1. keeping the file open means you lose it if the power goes out. not a robust design.

2. buffering 60 meg of data vs writing it out one int and float and char[100] at a time did not provide any significant speedup. lots of calls to _fwrite_nolock is not a bottleneck.

3. writing more data slows things down (obviously). so the flexibility of a size,id,value format must be weighed against the overhead of the additional data written. a size,id,value format will always be slower than a format that simply saves fields in a pre-defined order.

4. its more work to save individual fields than it is to save an entire struct, so its more work at first to create the code to save a struct one field at a time. however its much less work to add a new variable to a struct and convert existing save files when saving things one field at a time.

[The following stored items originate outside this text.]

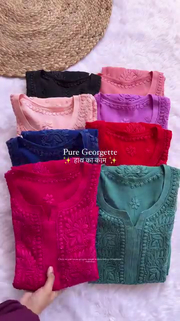 Elegant Pure Georgette Chikankari Kurtis – Hand Embroidered Beauty in 8 Rich Colors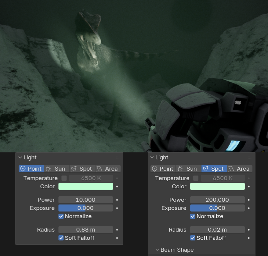 - Radiusをかなり小さくしないと拡散してライトの筋が見えなくなる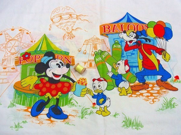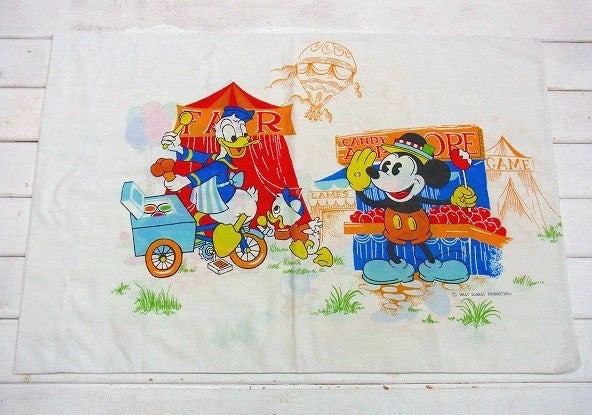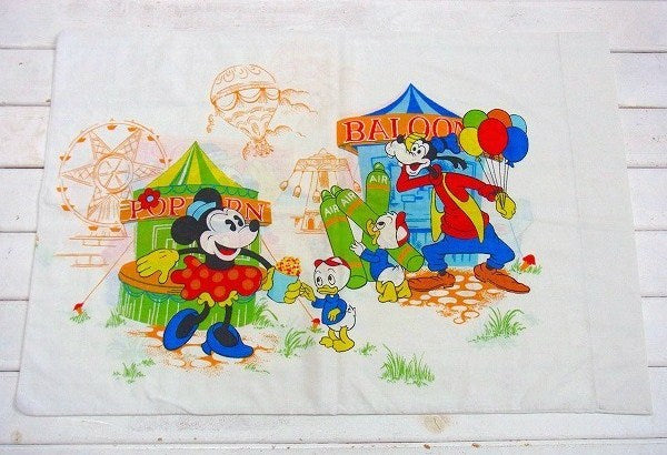 アメリカで見つけました・・ディズニー『ミッキー&フレンズ』のお祭り柄・ヴィンテージ・USEDピロケース(枕カバー)です。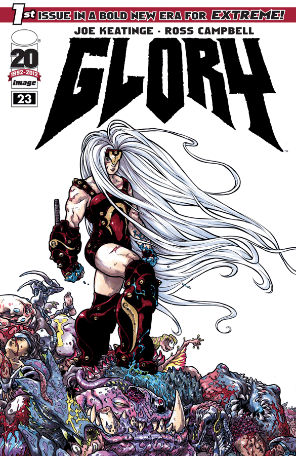 ONCE AND FUTURE,' Part One EXTREME'S ORIGINAL WARRIOR GODDESS RETURNS! After missing for almost a decade, Glory's whereabouts are uncovered by a lone reporter, but the globe-spanning conspiracy keeping her hidden from humanity could make her return more dangerous than anyone ever anticipated! This first issue of an brand-new saga written by Eisner & Harvey-award winner JOE KEATINGE and illustrated by Wet Moon and Shadoweyes creator ROSS CAMPBELL sets up Glory's future by expanding on her past in a way promising to shock long-time fans and excite all-new readers!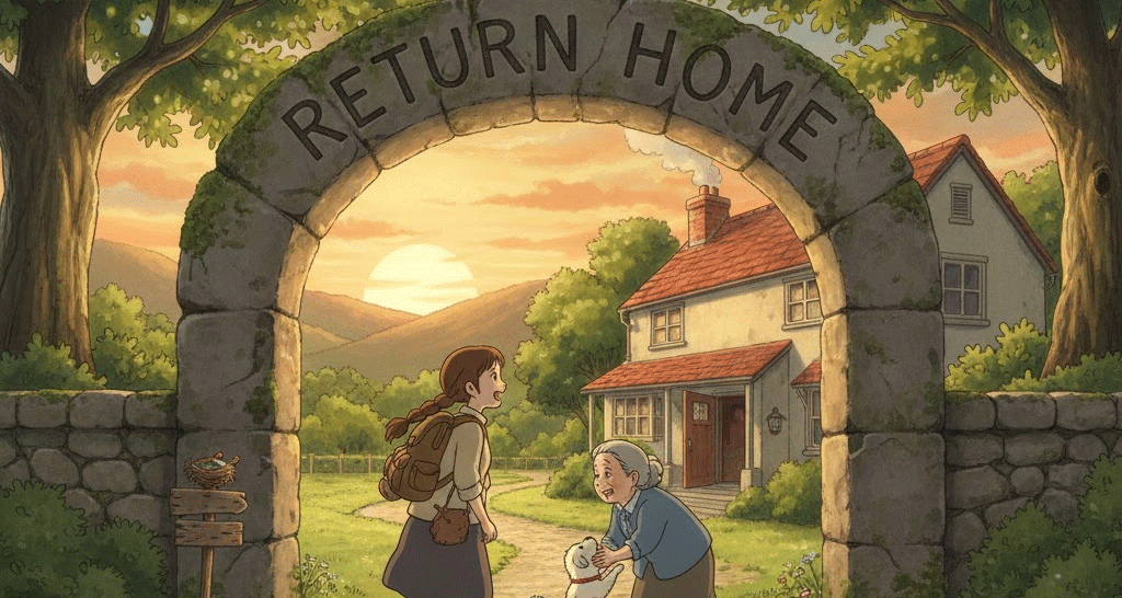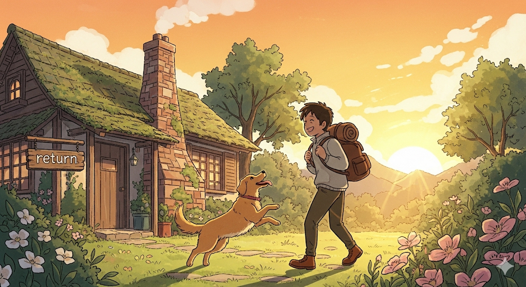 - (명사) 귀환, 복귀: 어떤 장소나 상태로 되돌아가는 행위.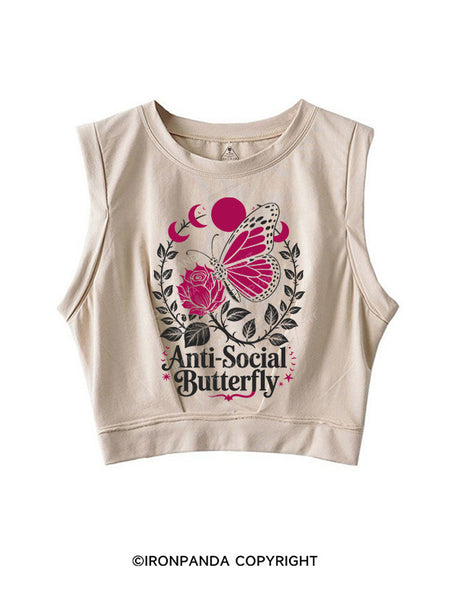 ANTI-SOCIAL BUTTERFLY SLEEVELESS CROP TOPS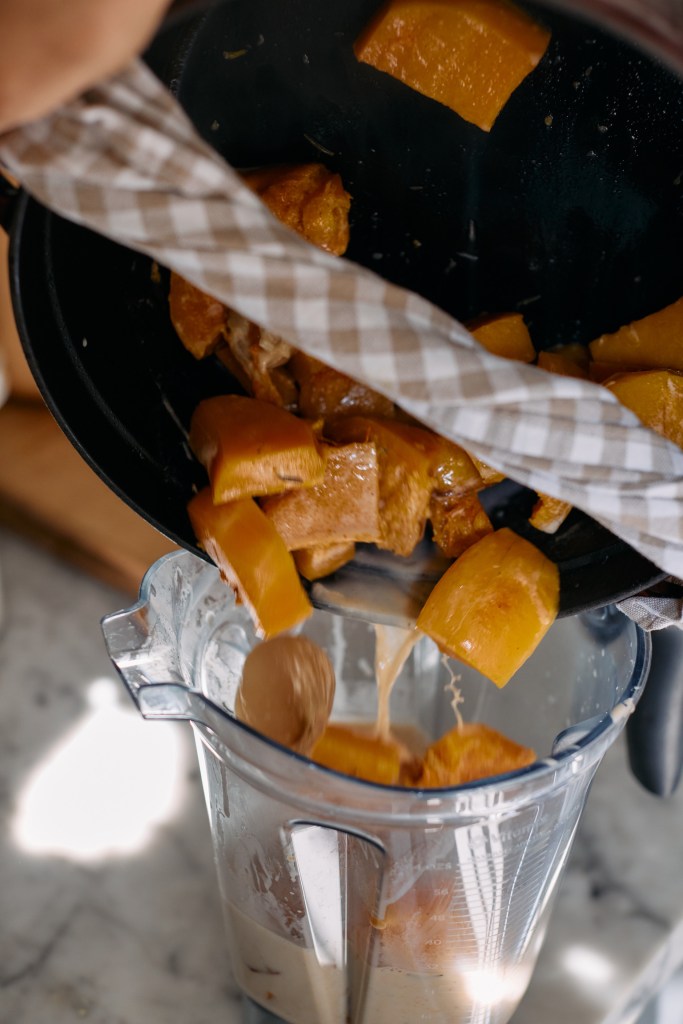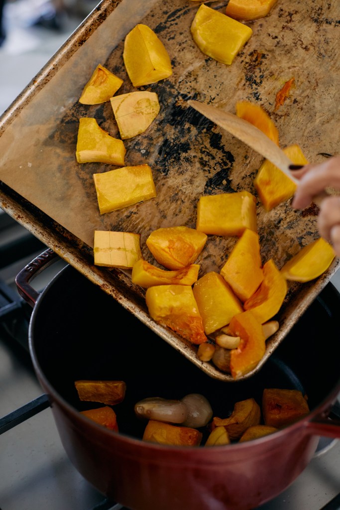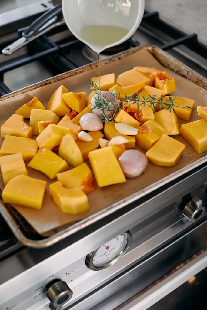 Skala och tärna pumpan och lägg på en plåt med schalottenlöken, vitlöksklyftorna och en kvist rosmarin. Häll lite olivolja på stoppen och salta. Rosta i ugn på 200 grader i 20 – 30 minuter.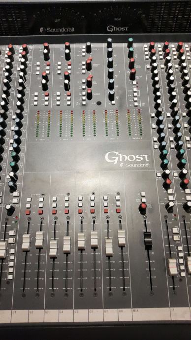 Soundcraft Ghost 32 LE s napajanjem + meterbridge (32 kanala(+32 tape return kanala),parametric EQ, 8 aux sendova, 8 grupa), više o mikseru: http://www.soundonsound.com/sos/1996_articles/oct96/soundcraftghost.html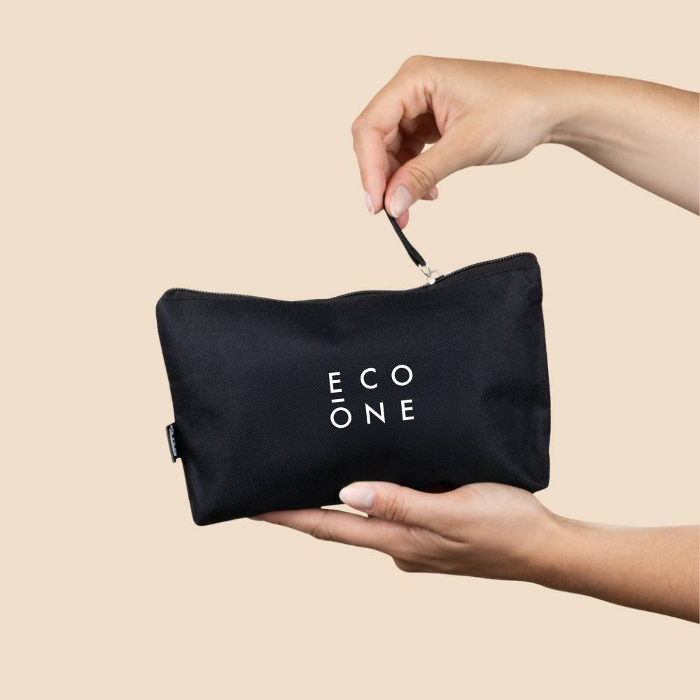 Neceser CINTIA ecológico en resistente material 600D RPET. Disponible en negro o beige, personalizable a 1 color o a todo color. Práctico, elegante y sostenible.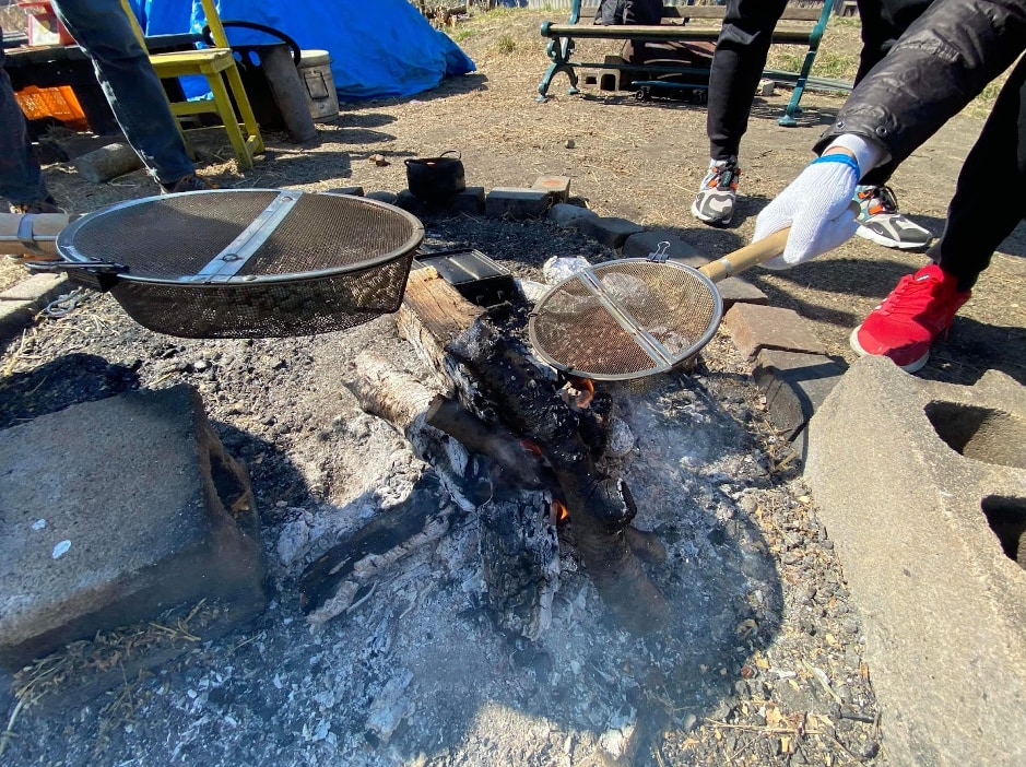 また、ご自由に持ち寄っていただいた食材も焚火で焼いて楽しみました。サツマイモやマシュマロ、パンのほか、ニンジンやリンゴまであり、バラエティ豊かで楽しかったです!淹れ立てのコーヒーと焚火で焼いた香ばしい食材で、いつもとは違う特別な朝をお過ごし頂けたことと思います!ゲストハウスここたまやでは今後もイベントを開催してまいりますのでぜひご参加ください!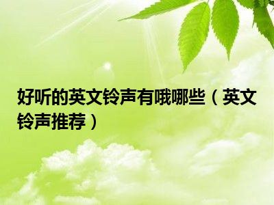 好听的英文铃声有哦哪些(英文铃声推荐)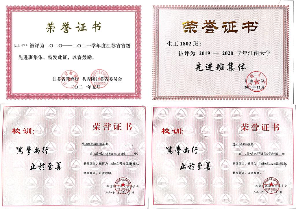 “先进班集体标兵”、江苏省“先进班集体”荣誉称号。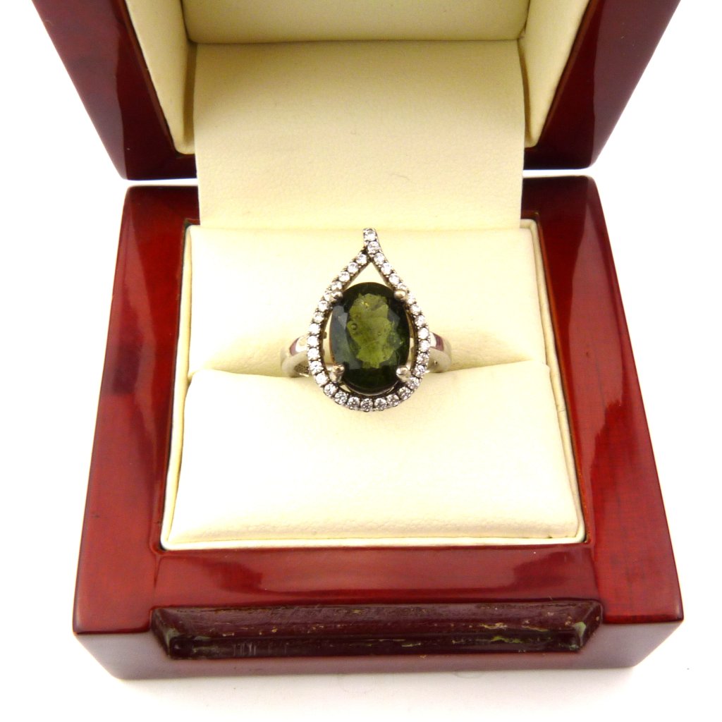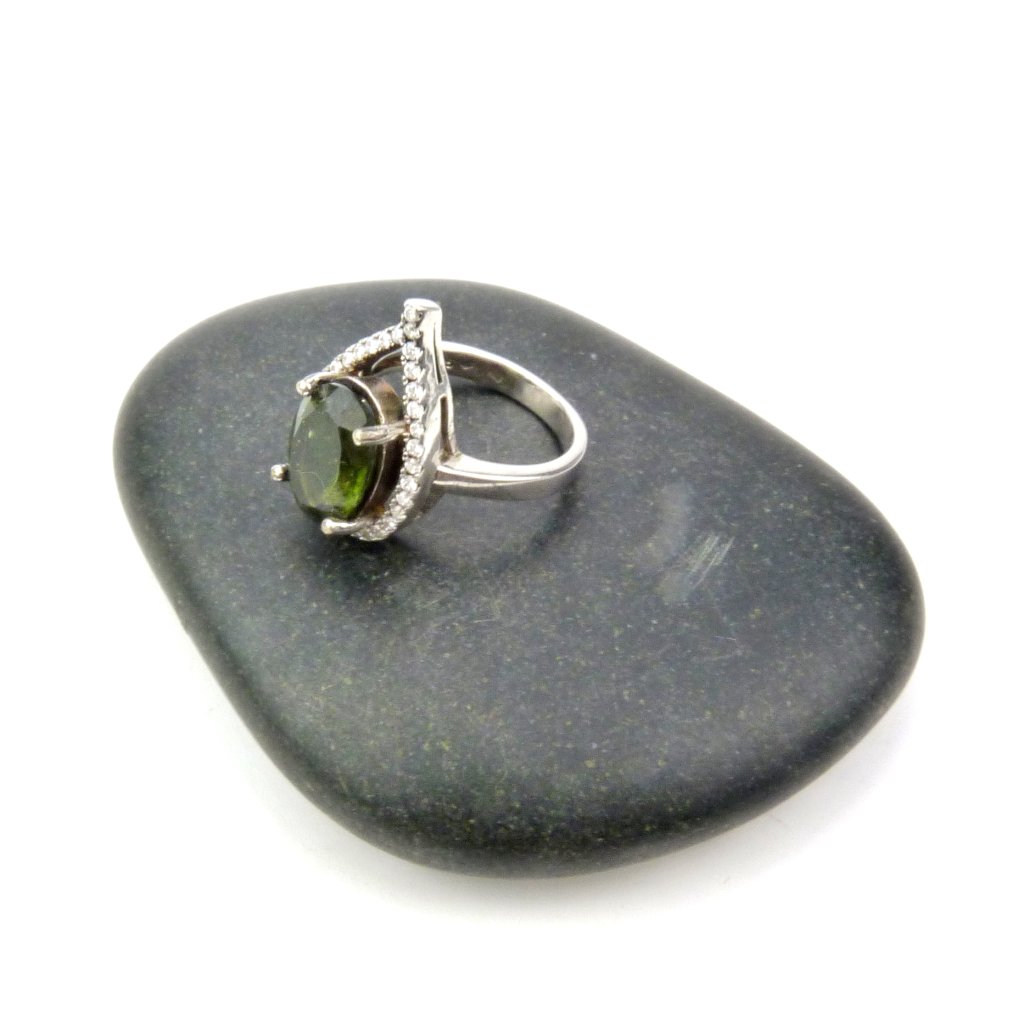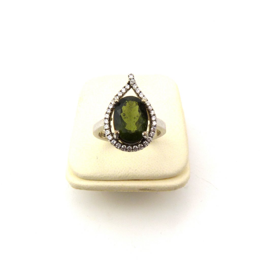 Vltavínový prsten se zirkony ve stříbře Ag 925/1000 Rhodium ( povrchová úprava šperku ).

In my case, i only have to deal with in-house old file formats. for dealing with old file formats on the user's pc, you'd init all your data structures to default values, then load. if you get EOF, stop loading. new variables always appear at the end of the file, so when you run out of file, that's all there is to load form this older format, and the newer vars use the default values. when it saves it uses the new format, saving the new vars along with the loaded old data. this lets you import older file formats by simply adding EOF checks to reads for new variables added to the end of the format.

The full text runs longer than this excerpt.